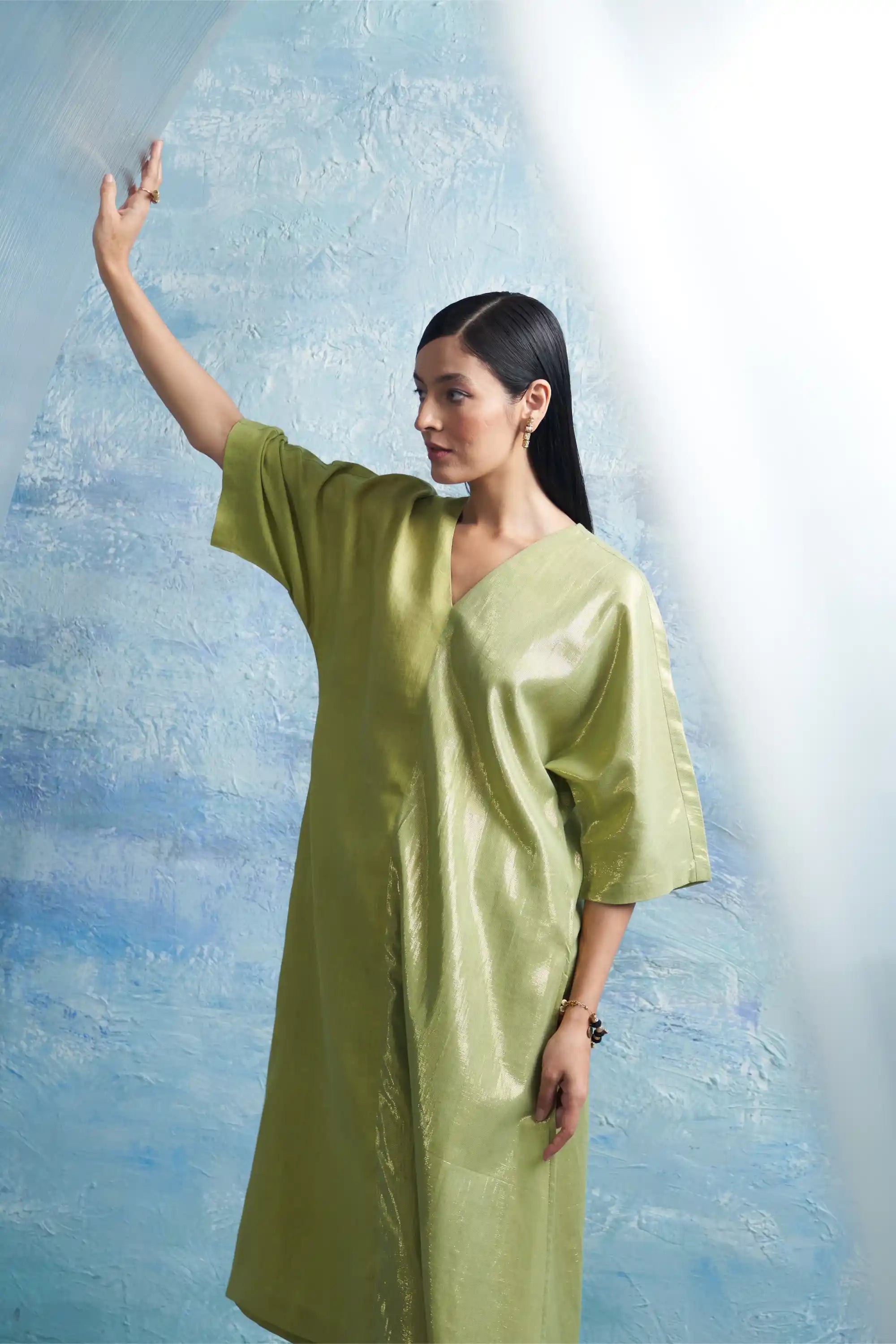 Step into elegance with our sheen green kurta set, meticulously crafted from a luxurious blend of premium linen and cotton shimmer. Its timeless silhouette flows gracefully, radiating chic charm, while the subtle sheen of linen harmonizes beautifully with the refined shimmer, creating an enchanting interplay that captivates the eye. Paired with flowy cotton satin pants for ultimate comfort and style, this set is designed for effortless wear. Completing the look is a sheer organza dupatta, adding an ethereal touch to your ensemble. The pants feature an elasticated waistband and a convenient drawstring for a perfect fit.
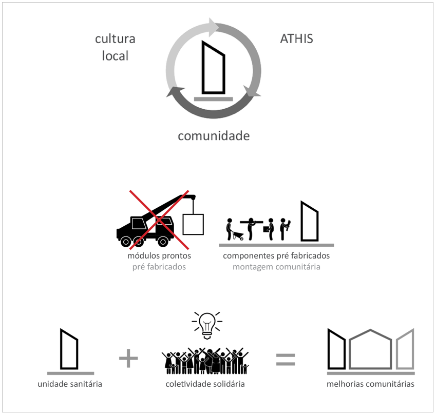 não se trata apenas de oferecer uma unidade sanitária. propõe-se construir, com a participação da comunidade, dos arquitetos e técnicos da athis, um sistema de coletividade solidária.
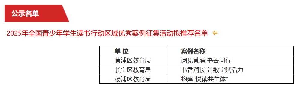 根据《教育部办公厅关于开展2025年全国青少年学生读书行动区域优秀案例征集活动的通知》(教基厅函〔2025〕23号)要求,拟在我市推荐3个青少年学生读书行动的区域优秀案例报送教育部。经组织专家进行材料审核,现定于2025年12月12日至12月17日将拟推荐名单进行网上公示。
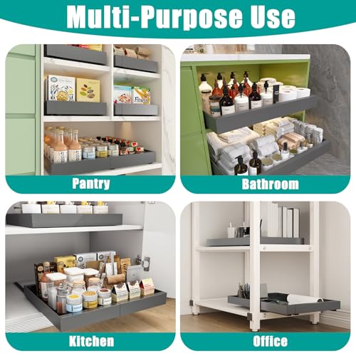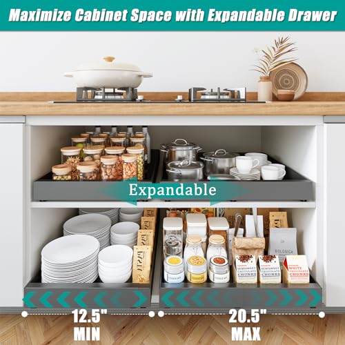 Pull Out Cabinet Organizer Expandable 12.5"-20.5", Adhesive Slide Out Cabinet Drawer Peel Stick Pull Out Shelf Adjustable Drawer for Kitchen Pantry Bathroom Solid Panel, 3 Slides Black 1 Pack
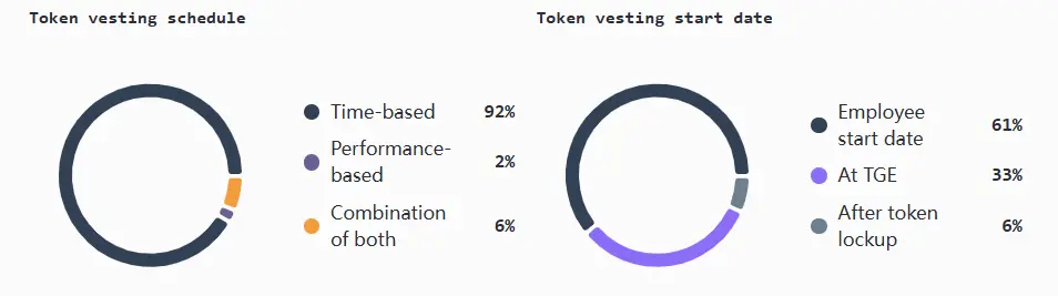 在歸屬方面,大多數團隊遵循四年期計劃,並設置一年的“懸崖期”,但也有一些團隊嘗試了混合模式,將基於時間與裡程碑驅動的解鎖相結合。

━━━━━━━━━━━━━━━━━━━━

### Exercise objective:
Beginning with the line that contains "Pull Out Cabinet", write out the remaining lines of the listing above through the last, exactly and only those, without pictures.

### Reply:
 Pull Out Cabinet Organizer Expandable 12.5"-20.5", Adhesive Slide Out Cabinet Drawer Peel Stick Pull Out Shelf Adjustable Drawer for Kitchen Pantry Bathroom Solid Panel, 3 Slides Black 1 Pack
 在歸屬方面,大多數團隊遵循四年期計劃,並設置一年的“懸崖期”,但也有一些團隊嘗試了混合模式,將基於時間與裡程碑驅動的解鎖相結合。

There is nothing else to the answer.